# So How Far Behind Are We?



## randallbob (Mar 13, 2011)

I hit Mosquito with a buddy on Good Friday and the water warmed throughout the day from around 51 to about 58 degrees in the shallows of the back bays. My limited experience says bass are starting to move from off shore deep areas to the shallows. We got 4 total small bass holding close to shore with Texas rigged Senkos. It seems to me, that at this time last year things were much warmer and the bass were hitting pretty good. So my question is how far behind are we this year? My guess is we're about two weeks behind from "Normal" for this time of year. Any thoughts?

And...

The next several days are forecast to be mid 50's with a fair amount of rain. Do you think the bass will move deep again?


----------



## Bad Bub (Jan 17, 2006)

Any fish that have moved up, will stay up. They're just going to hunker down tight to cover and get real tough to make bite. I wouldn't say we're "behind" what is normal, but we're behind what happened the last 2 years. I personally prefer it like this. Eventually, we'll get over this "temperature fluctuating hump" and everything will stabilize, and it'll seem like every fish in the lake moved up to feed all at once! The phase "better days to come" will definitely show out this year.

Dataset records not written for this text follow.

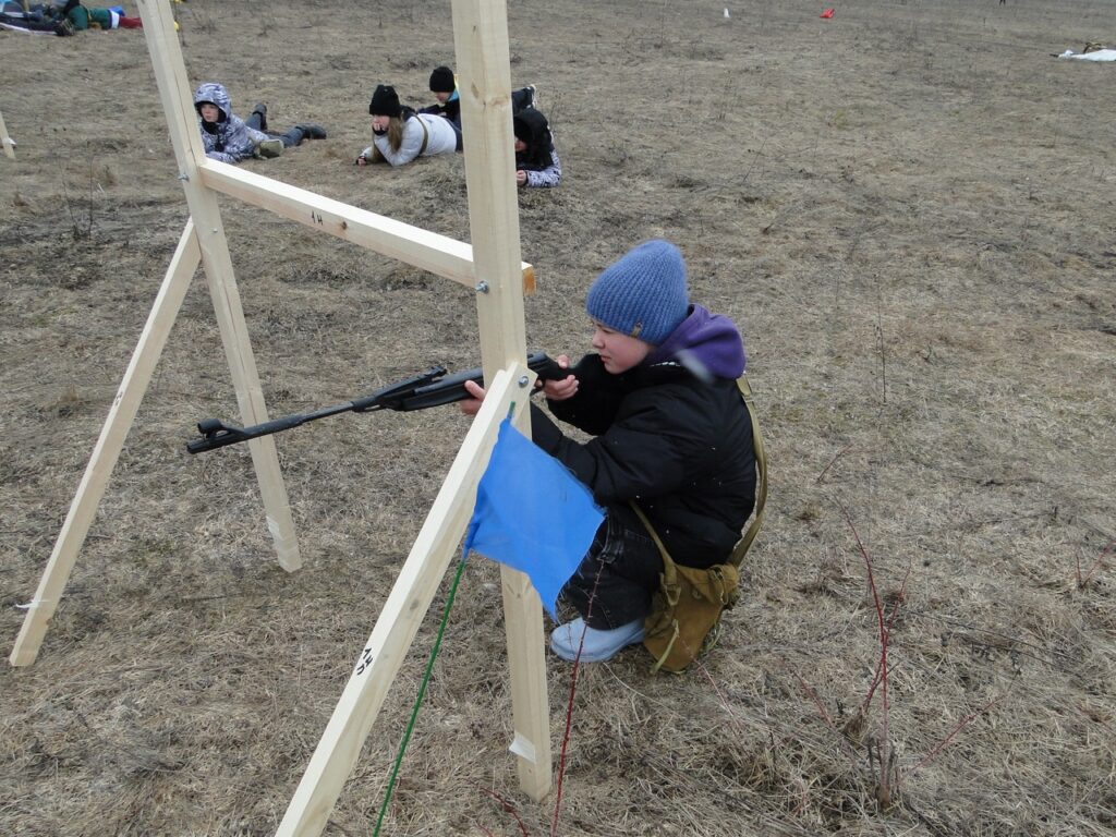 В апреле, уже в полевых условиях, на территории аэродрома ДОСААФ в Порошино участники «Зарницы 2.0» пробуют себя в роли командиров, снайперов, штурмовиков, саперов. Школьники ориентируются на местности, метают гранаты, участвуют в тактических перестроениях и атаках, проявляют себя в огневой подготовке: стреляют из пневматической винтовки, разбирают и собирают на скорость автомат Калашникова, снаряжают магазин патронами.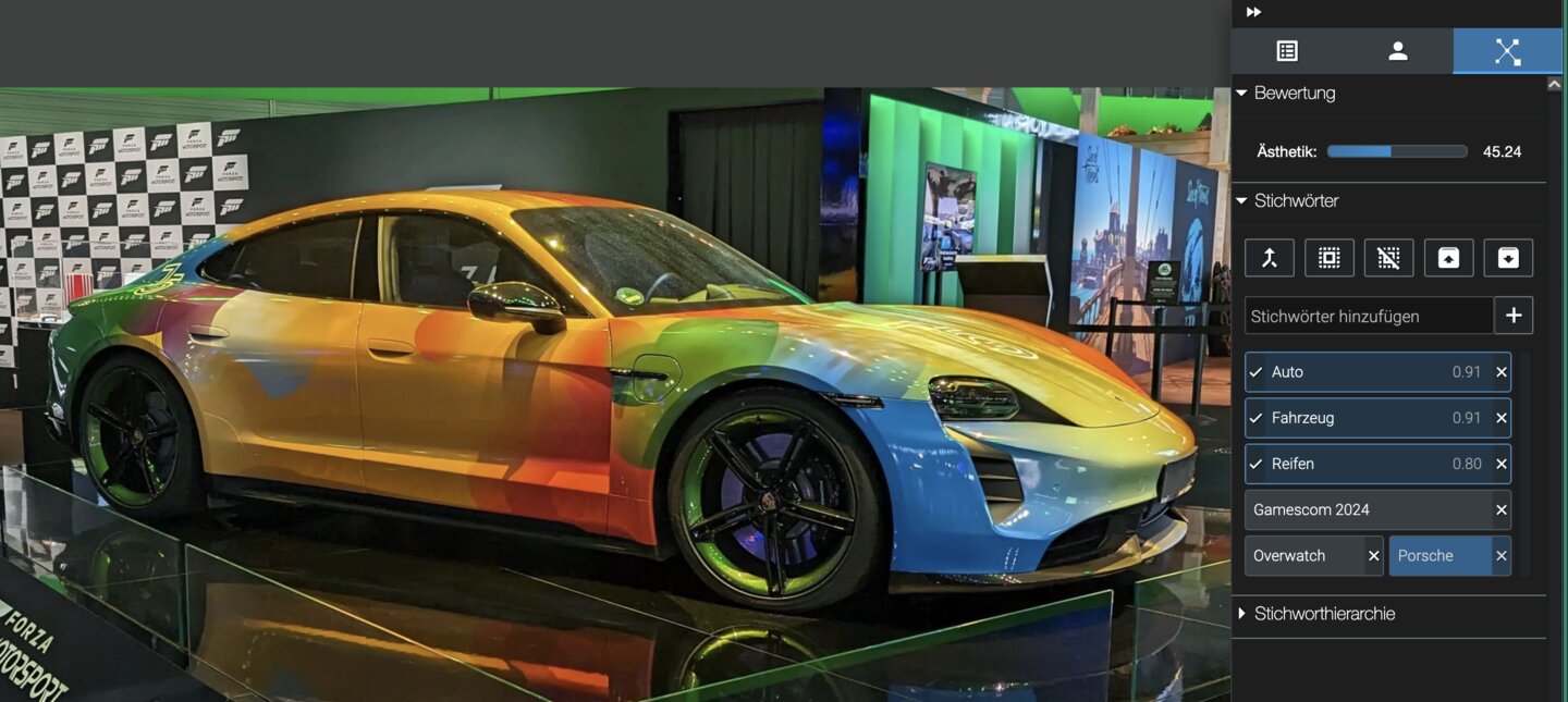 Mit der Freitextsuche finde ich das verschollen geglaubte Bild, lasse mir ähnliche Bilder vorschlagen und filtere diese dann nach Ästhetik. Aus den besten Shots picke ich mir jeweils meine Favoriten heraus und vergebe Tags und Namen. Dutzende Fotos vom gleichen Messestand? Schnee von gestern.
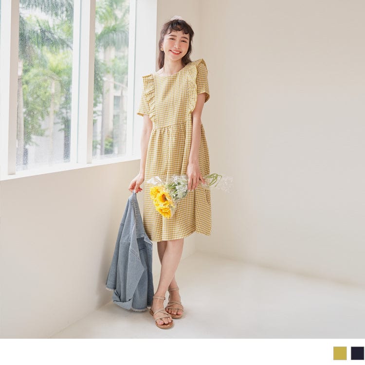 CHECKED RUFFLES PATCHED SHORT SLEEVE MIDI DRESS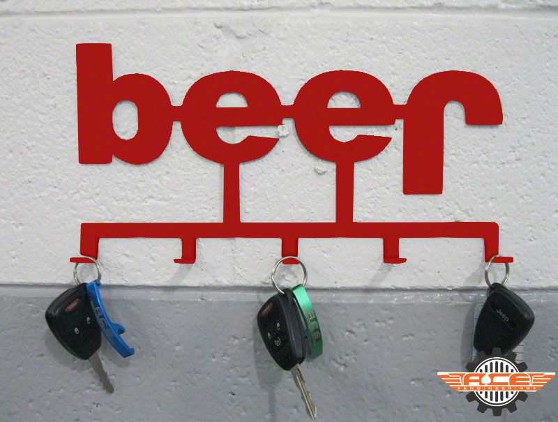 THE FAMOUS ACE BEER/JEEP T-SHIRT DESIGN IS NOW A KEYCHAIN HOLDER. MADE FROM .060 THICK MILD STEEL, IT MEASURES 12" X 6.5", HAS 5 KEYCHAIN HOOKS. GOOD FOR 8 HP!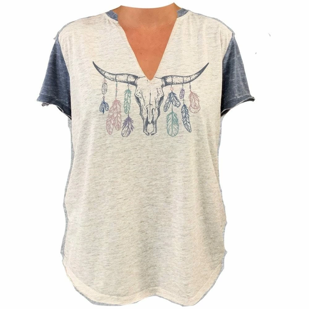 Lincoln Outfitters Ladies V-Neck BOHO Antler Short Sleeve Fashion T-Shirt –Β LO-LF12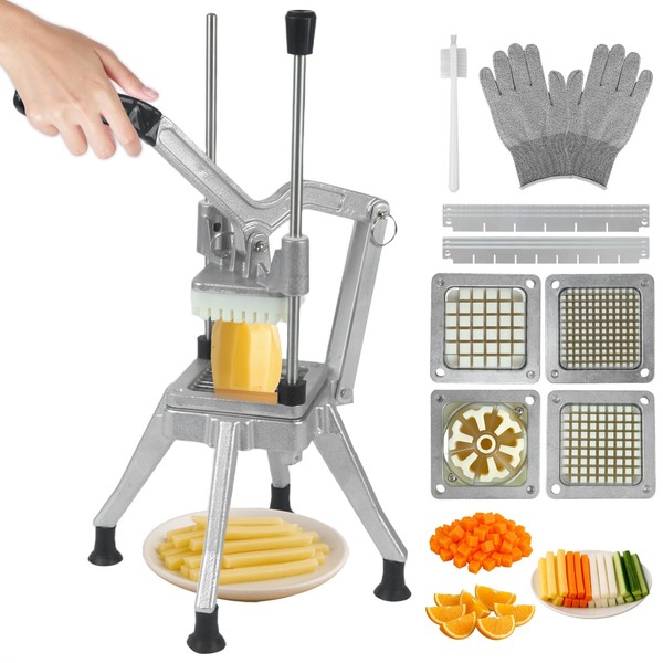 🌈Effortlessly create uniform fries, salad cubes, and fruit wedges with four stainless steel blades (1/2", 3/8", 1/4", 6-wedge).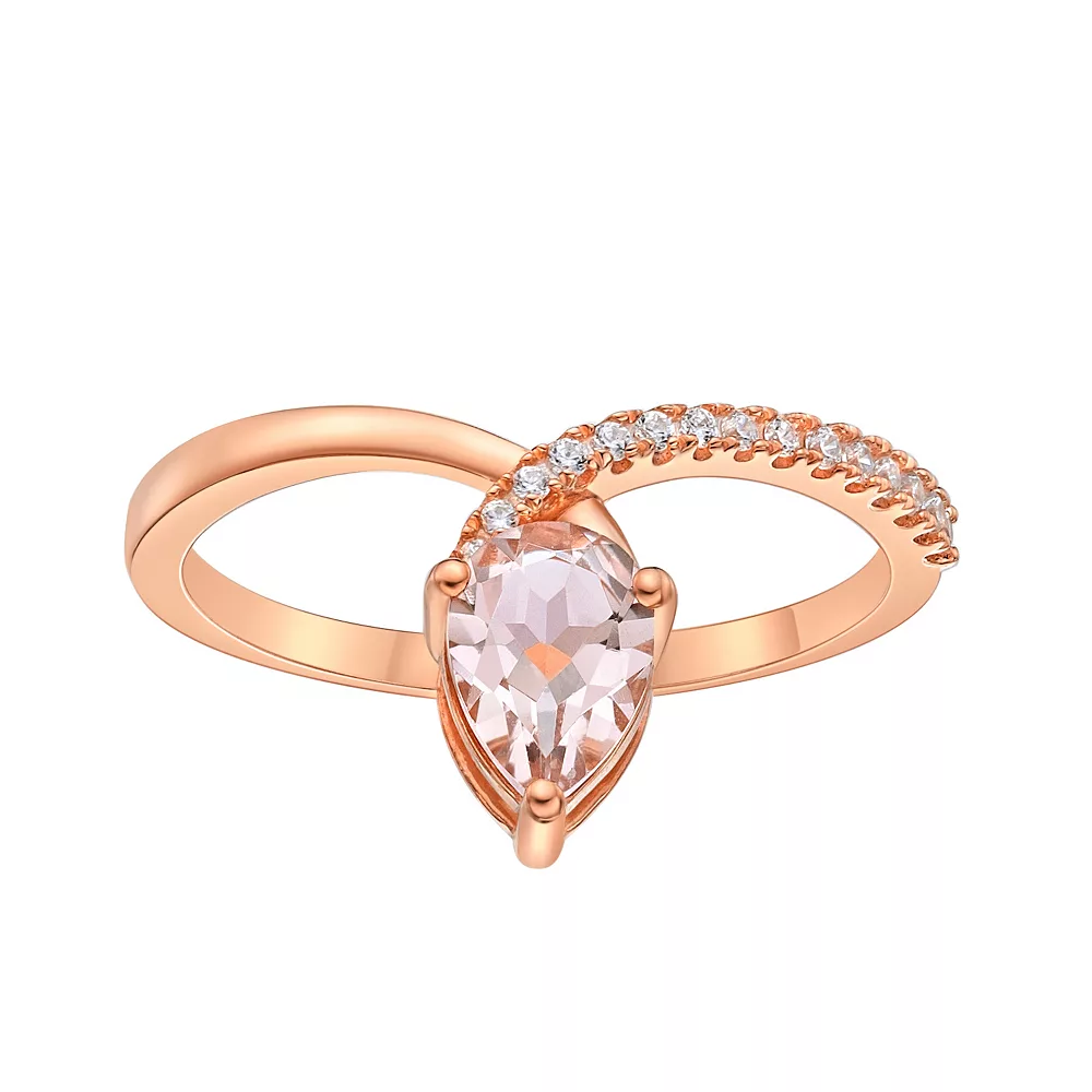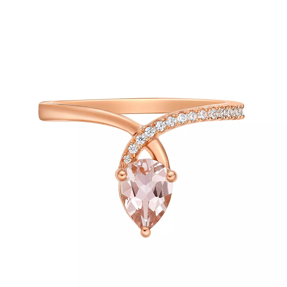 Featuring a lustrous 10k rose gold band that loops around a beautiful, pear-cut morganite center stone, this stunning ring offers an elegant and contemporary look you’re sure to love.

Sent from my DROID RAZR using Ohub Campfire mobile app


----------



## Big Joshy (Apr 26, 2004)

Hard to say specifically how far behind normal we are but I was thinking about it and one thing is constant, the sun. No matter how cold the weather and water is the sun is always continuing to increase the angle of intensity as the days go by in the spring. So it seems like since we finally has a week of sun the water and the fish activity caught up much faster than you would normally expect. Places that were cold and had no fish around just 1 week ago were loaded with life this weekend, gills, crappie, saugeye bass all in 2-6 ft of water in southern ohio. So I think you can only get so far behind before things quickly get back on track like they did this last week thanks to the warm sun and longer days.


----------